Dataset extract:
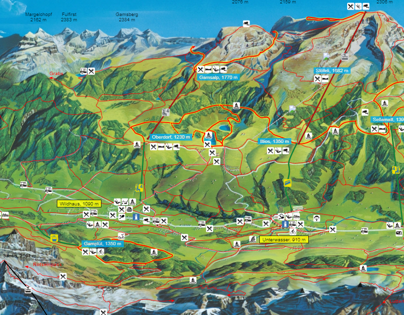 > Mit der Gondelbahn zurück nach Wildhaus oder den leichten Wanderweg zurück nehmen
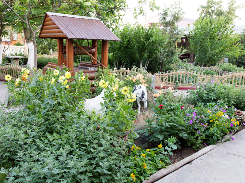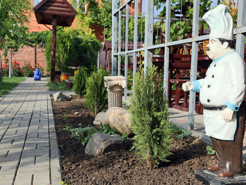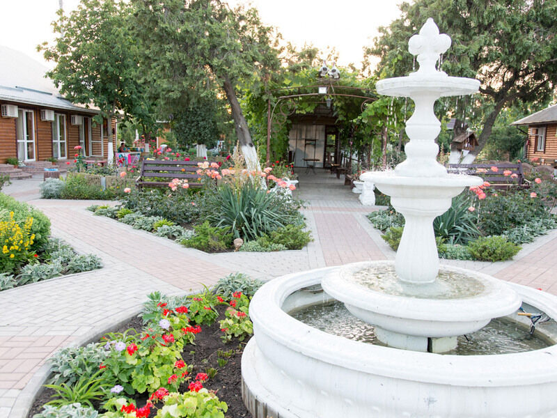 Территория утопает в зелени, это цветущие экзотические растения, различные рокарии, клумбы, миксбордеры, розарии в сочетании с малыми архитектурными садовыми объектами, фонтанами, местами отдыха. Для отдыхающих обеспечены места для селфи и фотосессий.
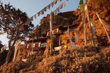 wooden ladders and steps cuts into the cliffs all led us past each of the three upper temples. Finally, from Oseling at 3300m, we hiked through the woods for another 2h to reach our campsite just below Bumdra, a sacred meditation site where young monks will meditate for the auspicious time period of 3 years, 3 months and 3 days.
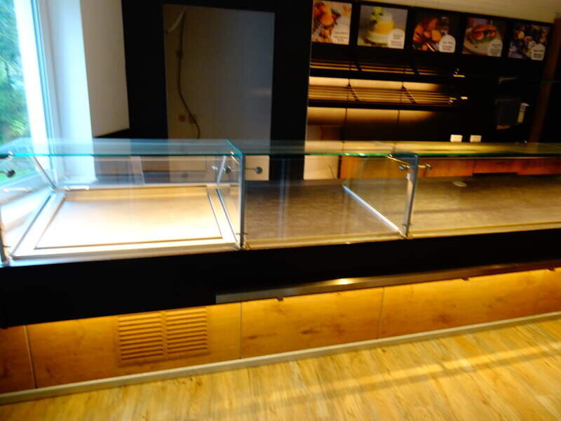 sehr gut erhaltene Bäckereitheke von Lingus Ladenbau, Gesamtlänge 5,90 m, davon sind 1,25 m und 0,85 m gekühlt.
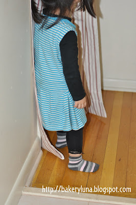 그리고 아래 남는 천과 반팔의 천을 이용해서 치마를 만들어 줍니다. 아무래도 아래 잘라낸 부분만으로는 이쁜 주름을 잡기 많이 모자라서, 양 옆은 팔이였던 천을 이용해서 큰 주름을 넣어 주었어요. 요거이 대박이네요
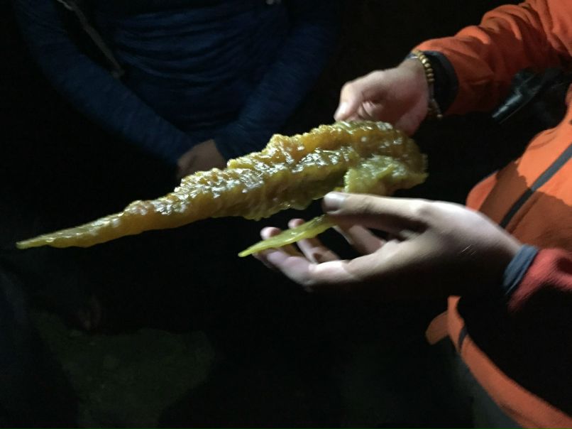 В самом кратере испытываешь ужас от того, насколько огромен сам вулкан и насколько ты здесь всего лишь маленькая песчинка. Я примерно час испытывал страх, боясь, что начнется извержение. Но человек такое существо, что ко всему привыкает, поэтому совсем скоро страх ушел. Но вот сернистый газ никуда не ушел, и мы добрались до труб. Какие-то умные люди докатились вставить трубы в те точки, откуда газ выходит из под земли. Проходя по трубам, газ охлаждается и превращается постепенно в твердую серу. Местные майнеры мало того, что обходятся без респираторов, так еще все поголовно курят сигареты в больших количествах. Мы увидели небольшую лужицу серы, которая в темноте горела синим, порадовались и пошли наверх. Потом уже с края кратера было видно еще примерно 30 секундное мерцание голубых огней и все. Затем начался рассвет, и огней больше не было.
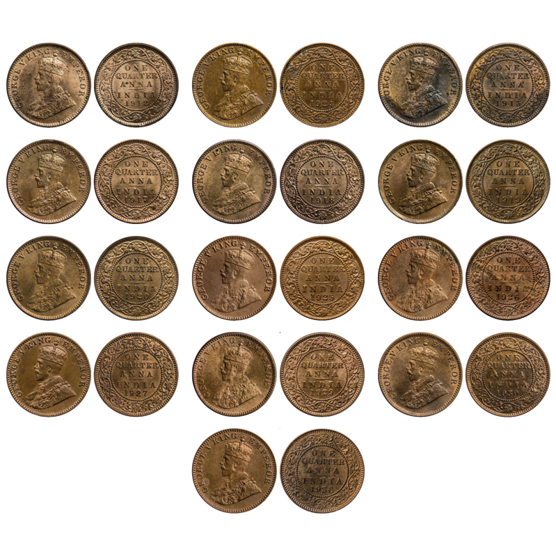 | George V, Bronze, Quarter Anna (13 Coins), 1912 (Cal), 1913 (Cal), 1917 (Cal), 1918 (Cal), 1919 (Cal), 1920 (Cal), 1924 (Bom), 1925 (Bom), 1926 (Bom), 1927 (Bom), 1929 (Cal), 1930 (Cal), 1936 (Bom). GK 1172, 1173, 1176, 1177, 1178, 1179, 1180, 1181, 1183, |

Work to complete:
Reproduce the opening lines of the material above exactly, ending with the line that contains "Территория утопает в". Omit every picture.

Problem solution:
 > Mit der Gondelbahn zurück nach Wildhaus oder den leichten Wanderweg zurück nehmen
 Территория утопает в зелени, это цветущие экзотические растения, различные рокарии, клумбы, миксбордеры, розарии в сочетании с малыми архитектурными садовыми объектами, фонтанами, местами отдыха. Для отдыхающих обеспечены места для селфи и фотосессий.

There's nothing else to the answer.